▸ **Data section**
—————

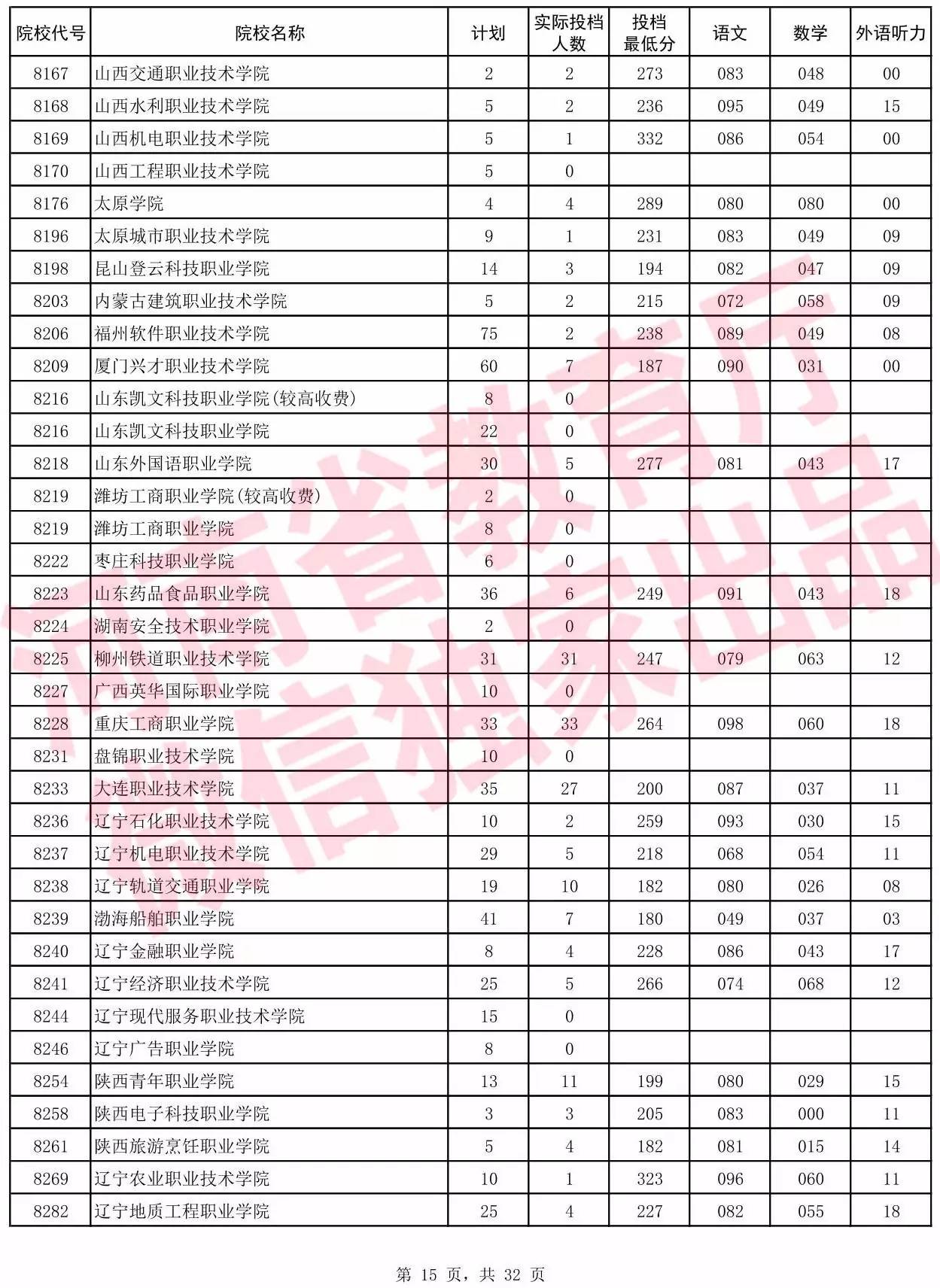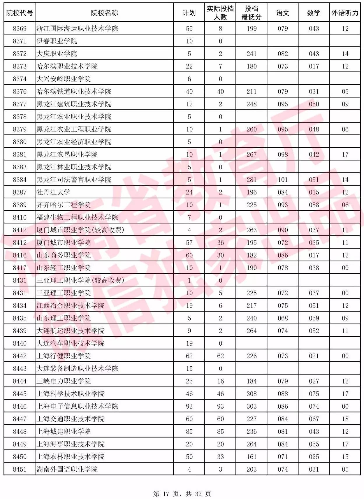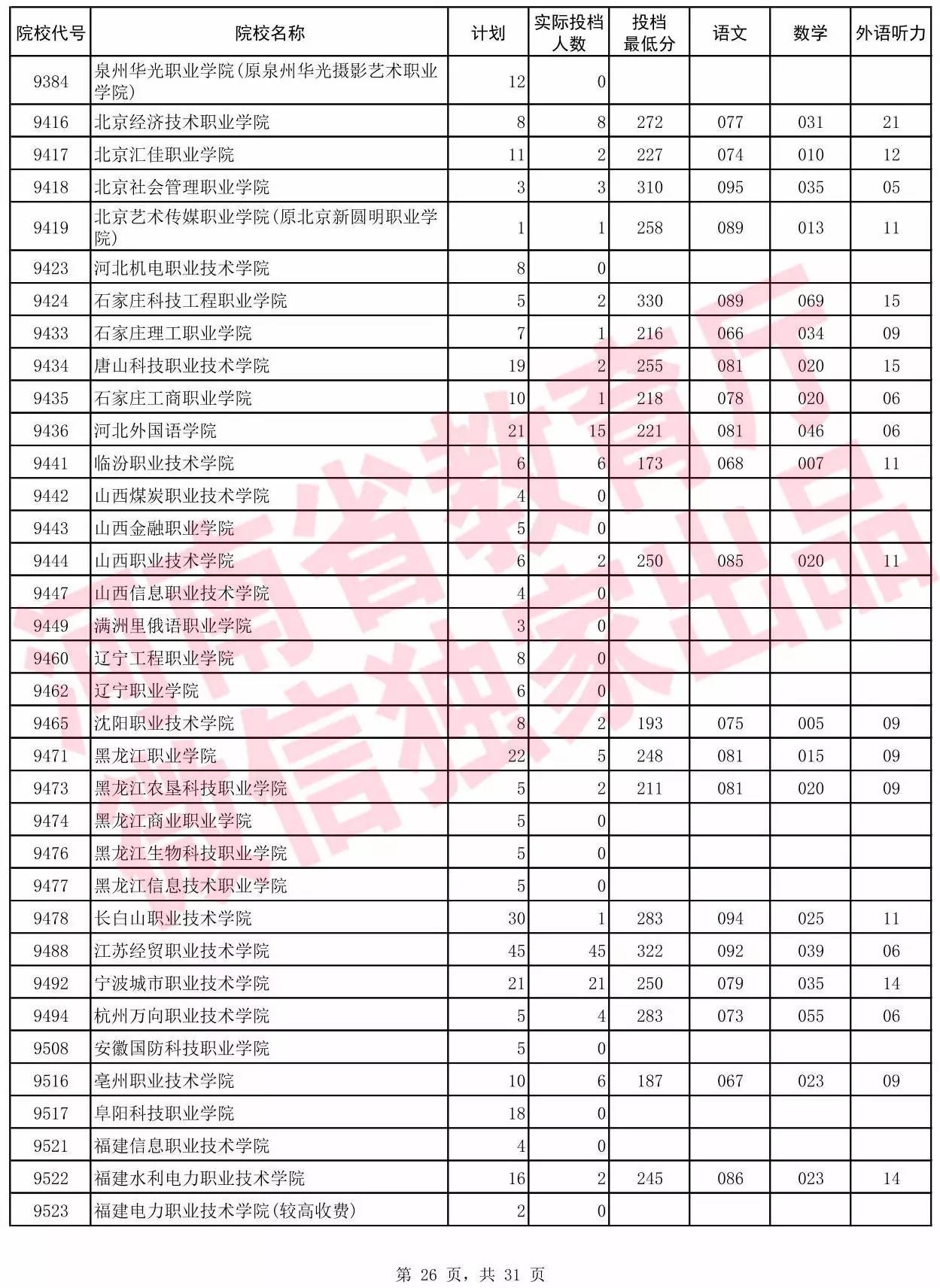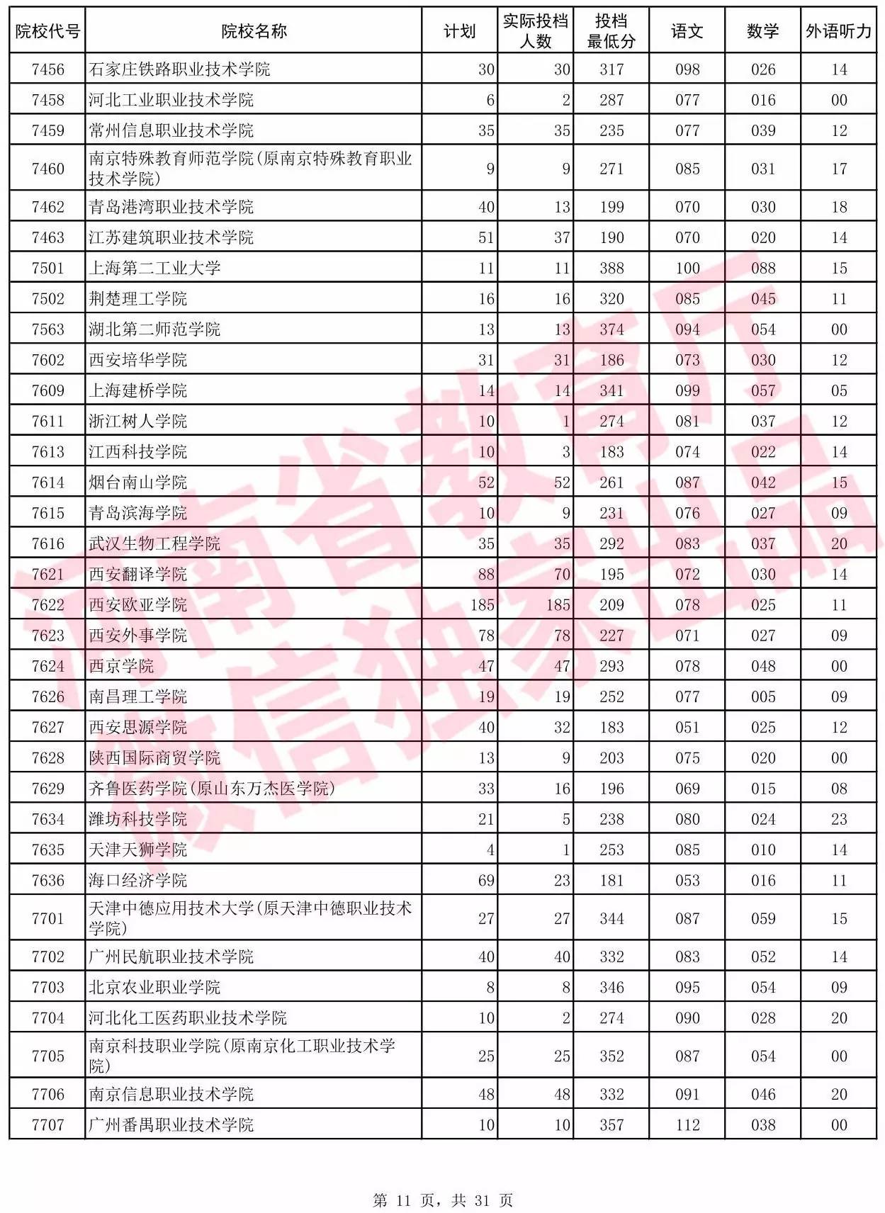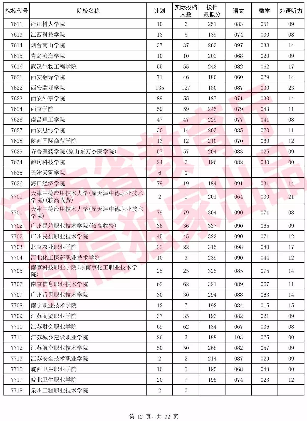 高职高专批院校平行投档分数线(理科)
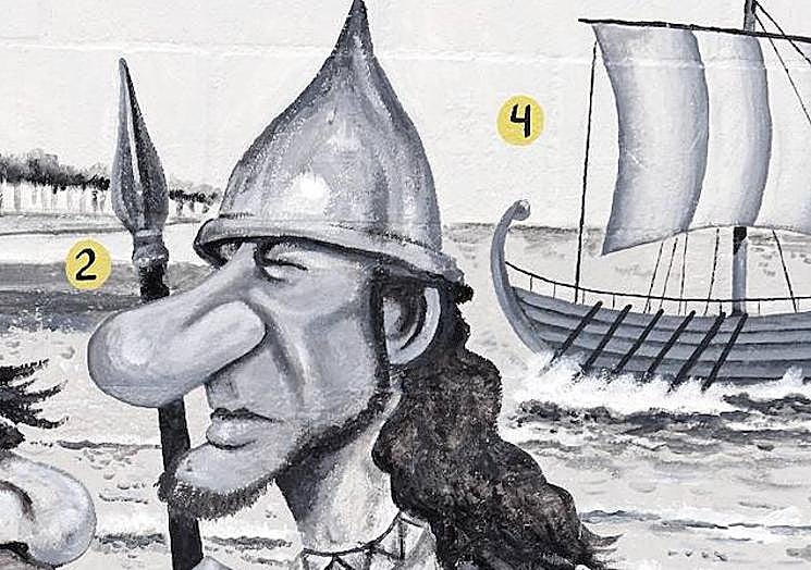No characters from that first Iberian and Phoenician Malaga of Cerro del Villar and the surrounding area have come down to us, but Ángel Idígoras has depicted them in the form of a warrior with a spear, this time without sardines, and boats from the East that brought the first settlers to the city.
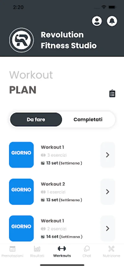 Revolution Fitness Studio is the platform that allows you to have all the functionalities inherent in coaching and online coaching. You will be able to interact with me to receive useful feedback on your training program, monitor your progress and share them by speeding up the times and having everything directly on your smartphone.
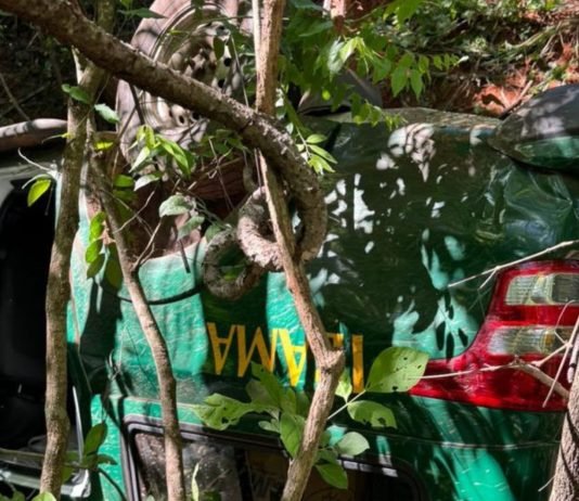 Segundo informações, um veículo VW/Gol que seguia na mesma via que a Mitsubishi L200/Triton que pertence ao IBAMA, foi realizar uma ultrapassagem e acabou batendo na camionete, onde o motorista perdeu o controle e caiu no barranco.

—————

▸ **Work to be completed**
Write out exactly and only the lines that run from the start of the data above through the line containing "No characters from", leaving the pictures out.

▸ **Your solution**
 高职高专批院校平行投档分数线(理科)
No characters from that first Iberian and Phoenician Malaga of Cerro del Villar and the surrounding area have come down to us, but Ángel Idígoras has depicted them in the form of a warrior with a spear, this time without sardines, and boats from the East that brought the first settlers to the city.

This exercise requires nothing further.